Source code in succinct_multiple_alignment.py

def find_columns_with_excessive_space(self, threshold_ratio=2):
    """
    Identifies columns that occupy significantly more space than the average column size.

    Parameters:
        threshold_ratio (float, optional): The threshold ratio used to determine whether a column occupies significantly more space than the average column size.
            Default value is 2, meaning a column is considered to occupy significantly more space if its size is at least twice the average size.

    Returns:
        (list[int]): A list of indices of columns that occupy significantly more space than the average column size.
    """
    average_size = sum(succinct_column.size_in_bytes() for succinct_column in self.__multialign) / len(self.__multialign)
    excessive_columns = []
    size_excessive=0
    size=0
    for index, succinct_column in enumerate(self.__multialign) :
        size+=succinct_column.size_in_bytes()
        if succinct_column.size_in_bytes() >= threshold_ratio * average_size:
            excessive_columns.append(index)
            size_excessive+=(succinct_column.size_in_bytes())
    print('moyenne:',average_size)
    print('total size :' ,size)
    print('excessive_columns size :', size_excessive)

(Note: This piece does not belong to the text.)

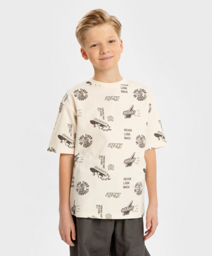 630 р. 900 р. Футболка с коротким рукавом и принтом серая для мальчика Button Blue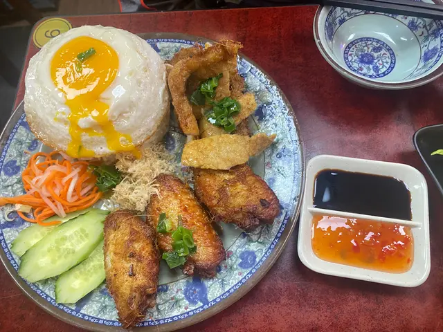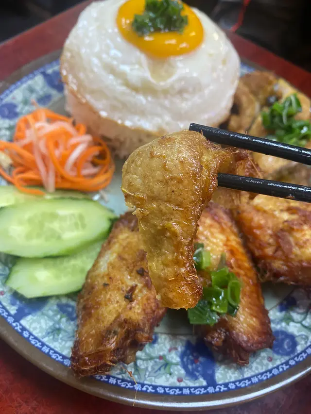 呢個飯真係好抵食,大大碟,有四隻香茅雞翼、一個太陽蛋、一份香茅豬扒,每樣都勁香口好好送飯,雞翼脹卜卜,香茅味十足,豬扒都係,充滿香茅味,碎上,方便客人進食😽🫰🏻仲有青瓜、蘿蔔絲同肉鬆

    return len(excessive_columns), len(self.__multialign)

get_column(index)

Returns the column at index index.

Parameters:

Name	Type	Description	Default
index	int	Index of the column (starts at 0).	required

Returns:

Type	Description
SuccinctColumn	The column at the requested index.

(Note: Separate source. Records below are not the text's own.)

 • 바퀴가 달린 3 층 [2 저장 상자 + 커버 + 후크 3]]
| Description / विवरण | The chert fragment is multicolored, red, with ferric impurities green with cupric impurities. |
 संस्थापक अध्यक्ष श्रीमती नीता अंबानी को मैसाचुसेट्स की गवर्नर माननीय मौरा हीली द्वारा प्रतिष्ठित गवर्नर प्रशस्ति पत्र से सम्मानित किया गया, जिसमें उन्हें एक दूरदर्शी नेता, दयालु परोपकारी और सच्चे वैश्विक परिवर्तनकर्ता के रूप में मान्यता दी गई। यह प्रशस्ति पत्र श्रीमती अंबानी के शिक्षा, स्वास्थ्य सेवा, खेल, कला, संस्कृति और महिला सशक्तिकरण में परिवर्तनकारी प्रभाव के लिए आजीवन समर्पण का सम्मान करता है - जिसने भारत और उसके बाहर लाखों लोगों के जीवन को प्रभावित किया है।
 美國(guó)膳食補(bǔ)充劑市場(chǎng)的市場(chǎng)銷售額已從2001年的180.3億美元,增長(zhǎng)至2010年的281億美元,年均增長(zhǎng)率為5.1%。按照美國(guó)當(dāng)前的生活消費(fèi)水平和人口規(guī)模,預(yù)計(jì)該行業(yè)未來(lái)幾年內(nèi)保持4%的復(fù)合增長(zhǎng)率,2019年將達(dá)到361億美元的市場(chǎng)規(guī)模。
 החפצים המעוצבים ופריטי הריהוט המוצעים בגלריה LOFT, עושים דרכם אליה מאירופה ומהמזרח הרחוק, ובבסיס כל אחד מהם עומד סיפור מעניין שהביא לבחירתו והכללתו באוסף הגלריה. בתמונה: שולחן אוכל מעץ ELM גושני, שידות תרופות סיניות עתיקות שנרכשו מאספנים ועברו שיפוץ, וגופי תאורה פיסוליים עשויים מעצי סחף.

Source code in succinct_multiple_alignment.py

def get_column(self, index):
    '''
    Returns the column at index `index`.

    Parameters:
        index (int): Index of the column (starts at 0).

    Returns:
        (SuccinctColumn):
            The column at the requested index.
    '''
    assert 0<= index < len(self.__multialign), "Index {} doesn't exist in the alignment".format(index)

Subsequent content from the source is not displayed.